The founder is often not involved in day-to-day technology challenges and can focus on paving the road to partnerships with larger stakeholders and institutions, facilitating the future market adoption of the product. 

At this stage, R&D efforts are still ongoing but a first version of the product has to be finalized to validate its use under different conditions and apply for regulatory clearance as needed. 

While the R&D team keeps working on product iterations to improve outcomes or adapt the product for different applications, many team members will take on roles that require a deep technical understanding but do not involve working in the lab. 

These roles can be quality assurance, regulatory affairs, business development, clinical operations, project management and so on. 

If you're curious to learn more about those roles, check out our career guides

Working in a company in the early go-to-market phase feels like a more diluted version of the pure R&D phase craziness. New hires have more defined roles and more or less clear objectives. Sometimes a single person has to be responsible for an entire department but the number of fires a single employee has to deal with are way more limited than in the previous phase. 

Overall, it still feels like a close group of people working to achieve an important mission but there is more structure and the influence of external stakeholders such as investors, large partners and public institutions contributes to the feeling that a research project is turning into a fully-fledged company. 
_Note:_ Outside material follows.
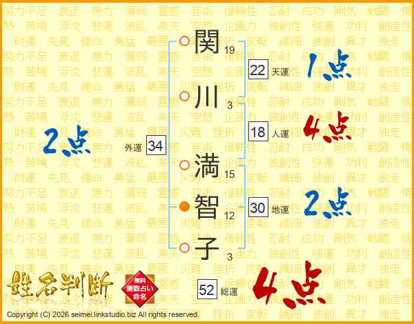 関(19画)川(3画) 満(15画)智(12画)子(3画)

Towards the late part of this phase, companies with proven technology and proven market readiness are able to raise a lot of capital to scale their operations and this is when there might be some comparison with the hypergrowth phase of tech startups. 

Being an employee at a company at this stage can change drastically in just a few years but you're usually asked to find new areas to add value to the organization so you can facilitate internal processes and align them with external objectives. This also includes building systems, hiring and training new people.

Also, building personal leverage becomes key to making the most out of any incoming changes, which will also allow you to grow personally and professionally. 

Growth 

  • Employees: 30-200 
  • Location: proprietary laboratories and offices 
  • Valuations: €50-200M 
  • Funds raised: €50-100+M 
  • Investors: generalist growth investors and corporates 

This phase is characterized by having one or more products already in multiple markets alongside an overall market readiness that allows the company to invest in distribution, marketing and sales to reach its customers. 

A lot of deep tech companies never fully experience this phase because they get acquired as soon as signs of early growth are visible. 

This happens for a variety of reasons, here are 3 important ones: 

  • The inefficiency of building in-house international sales and distribution capabilities compared to adding a new product to those same frameworks that already exist in established companies 
  • The appetite of investors to get a return on their investment, especially when the path to the public markets is not clear 
  • The willingness of a large player (usually a market leader) to consolidate its market position 

For the companies that reach the growth phase, major shifts happen: 

  • The scientists/founders who have led the company so far step down from executive roles and experienced managers come to lead a company that operationally has little to do with the startup of just a few years ago 
  • Communication becomes challenging and behavioural norms turn into something to be defined within groups, rather than company-wide 
  • Silos and multiple layers of management emerge 

A company at this stage can hardly be considered a startup and it is a valid alternative to working at a large company in terms of salary, career opportunities and skills that you'll develop.